Due to a wide range of technical understanding, very basic definitions and descriptions of both primary and supporting components should be posted. Hopefully, this "Paint by the numbers" approach will attract and inform both novices like myself as well as those who wish to share their advanced knowledge and experience.
 
I'll start by taking advantage of a post by Daniel W. in response to a basic TDA7294 kit build. We can extract several items for definition and example with the goal of getting everyone on the same page.


Quote:
Originally Posted by danielwritesbac
Well, that's actually a really good result for a basic kit in stock condition. Both the gain and the feedback current may be a bit high and the NFB cap and bootstrap may be a bit small. That combination causes it to miss the highest highs and lowest lows, but that is what the datasheet example schematic does.

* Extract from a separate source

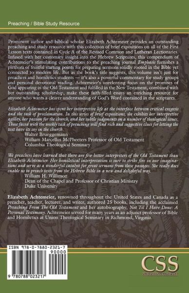 Prominent author and biblical scholar Elizabeth Achtemeier provides an outstanding preaching and study resource with this collection of brief expositions on all of the First Lesson texts contained in Cycle A of the Revised Common and Lutheran Lectionaries. Infused with her customary insight into the Hebrew scriptures, this compendium of Achtemeier's stimulating contributions to the preaching journal Emphasis furnishes a plethora of fruitful starting points for preparing sermons solidly rooted in the Bible yet connected to modern life. But as the book's title suggests, this volume isn't just for preachers and homiletics students -- it's also a powerful commentary for study groups and personal devotional reading. Achtemeier's unrelenting focus on the promises of God appearing in the Old Testament and fulfilled in the New Testament, combined with her outstanding scholarship, make these faith-filled essays an enriching resource for anyone who wants a clearer understanding of God's Word contained in the scriptures. Elizabeth Achtemeier has spent her interpretive life at the interface between critical exegesis and the task of proclamation. In this series of brief expositions, she exhibits her interpretive agility, her passion for the church, and her subtle judgments on a number of theological issues. Those faced with the weekly task of preaching will find rich and suggestive clues for letting the text have its say in the church. Walter Brueggemann William Marcellus McPheeters Professor of Old Testament Columbia Theological Seminary We preachers have learned that there are few better interpreters of the Old Testament than Elizabeth Achtemeier. Her homiletical interpretation is sure to strike fire in our imaginations and serve as a wonderful catalyst for great sermons from these passages. She really does enable us to preach texts from the Hebrew Bible in a new and delightful way. William H. Willimon Dean of the Chapel and Professor of Christian Ministry Duke University Renowned throughout the United States and Canada as a preacher, teacher, lecturer, and writer, Elizabeth Achtemeier authored 25 books, including the acclaimed Preaching From The Old Testament and her autobiography, Not Til I Have Done: A Personal Testimony. Achtemeier served for many years as an adjunct professor of Bible and Homiletics at Union Theological Seminary in Richmond, Virginia.

Try the bootstrap cap directly at 47u for slightly more low bass.
(some newer schematics show 47u)

And, try the NFB cap at least as large as 220u (or bigger)--Also try some tiny value polyester caps and/or electrolytic of 0.47uf or less, as bypass caps parallel with your NFB cap.
Then the lowest lows and highest highs should be working.
(the schematic shows 22u, which is a bass blocker)

Also for low bass this amplifier appreciates a large power supply reservoir capacitance, not located on same board as amplifier.

If it still does some midfi behavior, the gain might be set too high, since it doesn't really have enough gain capacity for a 70w amplifier. The quality drops if the gain is too high. If you want hi-fi, I think you want low gain power amp pushed by a preamp.

The feedback current might be too high due to feedback-shunt and feedback resistor values too small, which also causes fragility and current noise of overloading the small signal section beyond linearity.

To make a reasonable compromise, you could set the feedback-shunt resistor to 2k2 and the feedback resistor to 56k (or even 68k if going without a preamp). Nearby values make really similar results. This ballpark is a good spot to start exploring. That example is off a bit, but not nearly as far as the datasheet schematic.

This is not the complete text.